DISTINCT does not reduce the amount of data transferred from the DB to the application. Hibernate deduplicates entities in memory after the rows arrive. As data grew, the query started taking more than 30 seconds.
Fix
Remove JOIN FETCH for tags and use @BatchSize instead:
// add BatchSize to the Entity
@ElementCollection(fetch = FetchType.LAZY)
@BatchSize(size = 100)
private Set<String> tags = new HashSet<>();
// fetch only one side in the Repository
@Query("SELECT DISTINCT t FROM Task t " +
"LEFT JOIN FETCH t.assignees " +
"WHERE t.orgId = :orgId")
For 100 tasks: 600 rows became 100 rows plus one batch query.
Cause 2: Correlated Subqueries on the Backend
listDynamicItems had another problem. It queried active members with no scheduled future event:
SELECT mp,
(SELECT MAX(e.occurredAt) FROM Event e
WHERE e.userId = up.userId AND e.occurredAt < :now),
(SELECT MAX(t.firstActivityAt) FROM MemberTransition t
WHERE t.memberProfile = mp AND ...),
(SELECT MAX(t.activatedDate) FROM MemberTransition t
WHERE t.memberProfile = mp AND ...)
FROM MemberProfile mp
WHERE ...
There are three correlated subqueries in the SELECT clause. For N active members, the DB internally executes the subquery cost about 3N times. If N is 100, one SQL statement carries the cost of about 301 query operations.
Fix: two-step batch query
// Step 1: main query without SELECT subqueries
List<MemberProfile> profiles = entityManager.createQuery("""
SELECT mp FROM MemberProfile mp
JOIN FETCH mp.userProfile up
JOIN FETCH up.user u
WHERE mp.orgId = :orgId
AND mp.status = :activeStatus
AND NOT EXISTS (...)
""", MemberProfile.class).getResultList();
// Step 2a: last event time, batched
Map<Long, LocalDateTime> lastEventMap = entityManager.createQuery("""
SELECT e.userId, MAX(e.occurredAt)
FROM Event e
WHERE e.userId IN :userIds AND e.occurredAt < :now
GROUP BY e.userId
""", Object[].class).getResultList()...;
// Step 2b: first activity / activation date, batched
Map<Long, Object[]> transitionMap = entityManager.createQuery("""
SELECT t.memberProfile.id,
MAX(t.firstActivityAt),
MAX(t.activatedDate)
FROM MemberTransition t
WHERE t.memberProfile.id IN :profileIds AND ...

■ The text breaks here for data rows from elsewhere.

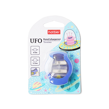 Точилка Hatber Ufo Пластиковая Цветная с контейнером с 2-мя отверстиями с крышкой, Китай
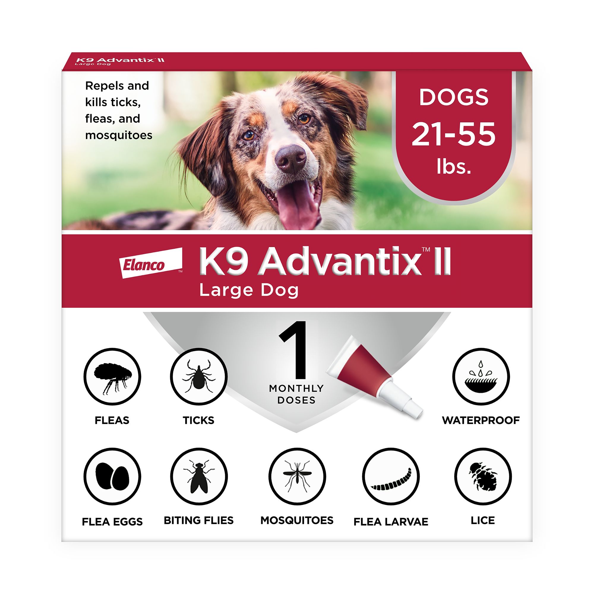Fleas, ticks, mosquitoes and other insects not only cause discomfort; they may also transmit disease. Monthly use of K9 Advantix II is important to protect your dog against fleas that may cause transmission of tapeworms. This formula also kills fleas which may cause Flea Allergy Dermatitis and flea bite anemia.
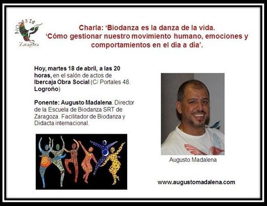 Lleno absoluto en el salón de actos de Ibercaja Obra Social de Logroño el pasado 18 de abril con motivo de la charla que impartió Augusto Madalena, Director de la Escuela de Biodanza SRT de Zaragoza, sobre Biodanza y los beneficios que ésta aporta.
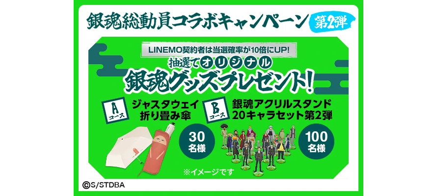 月替わり特典は、 銀魂オリジナルグッズが当たる『LINEMO 銀魂総動員コラボキャンペーン 第2弾』。
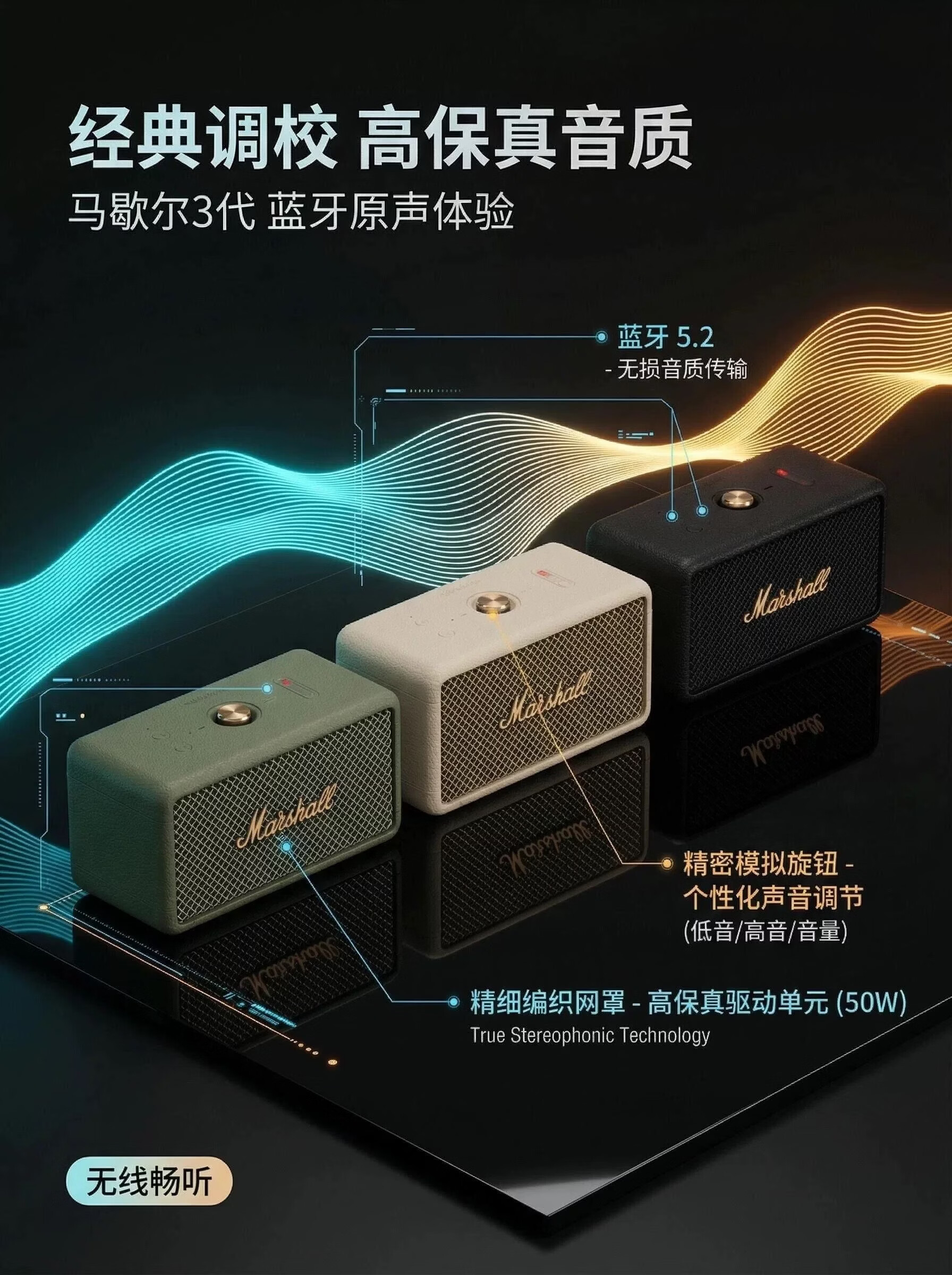marshellEMBERTON马歇尔三代无线蓝牙音响重低音炮户外防水便携小音箱高音质高颜值男女朋友送礼物解压神器 新款三代马年限定

GROUP BY t.memberProfile.id
""", Object[].class).getResultList()...;
N × 3 subquery work became 3 fixed queries. The query count no longer grows with N.
Cause 3: Frontend Amplifier
The slow backend queries were the necessary condition. The sufficient condition was on the frontend.
staleTime = 0
React Query’s default staleTime is 0. Data becomes stale immediately after it is fetched. That means:
User action React Query behavior
───────────────────────── ────────────────────
tab switch / focus lost ────► refetch on next focus
component mount/unmount ────► refetch on remount
return from another page ────► refetch because data is stale
window focus regain ────► refetch by default
→ one user's navigation repeats two 30-second queries
Every time a user opened the list tab, visited another page, and returned, the two 30-second queries ran again.
Unnecessary invalidation
Opening a detail dialog also ran this:
useEffect(() => {
if (open) {
queryClient.invalidateQueries({ queryKey: ['dynamicItems'] });
}
}, [open]);
Every card click forced the entire list query to refetch. invalidateQueries bypasses staleTime and immediately sends a server request.
Combined effect
One user opens the list page:
→ listItems (1 connection, held for 30s)
→ listDynamicItems (1 connection, held for 30s)
= 2 connections × 30s
Three users at the same time:
= 6 connections × 30s
→ 6 of 10 pool slots are exhausted
→ all other endpoints, including login, wait on the remaining 4
The six leak warnings in the logs match this scenario.
Fix
// add staleTime: keep data fresh for 60 seconds
const { data: dynamicItems } = useQuery({
queryKey: ['dynamicItems'],
queryFn: () => api.listDynamicItems(),
staleTime: 60_000,
});
// remove invalidation when opening the dialog
useEffect(() => {
if (open && item.type === 'PENDING_REVIEW') {
setExpandedUsers(new Set(item.subItems.map(s => s.userId)));
}
}, [open, item.type, item.subItems]);
User actions that mutate data, like completing a reservation or changing status, still call invalidateQueries. staleTime only prevents automatic refetches when nothing has changed.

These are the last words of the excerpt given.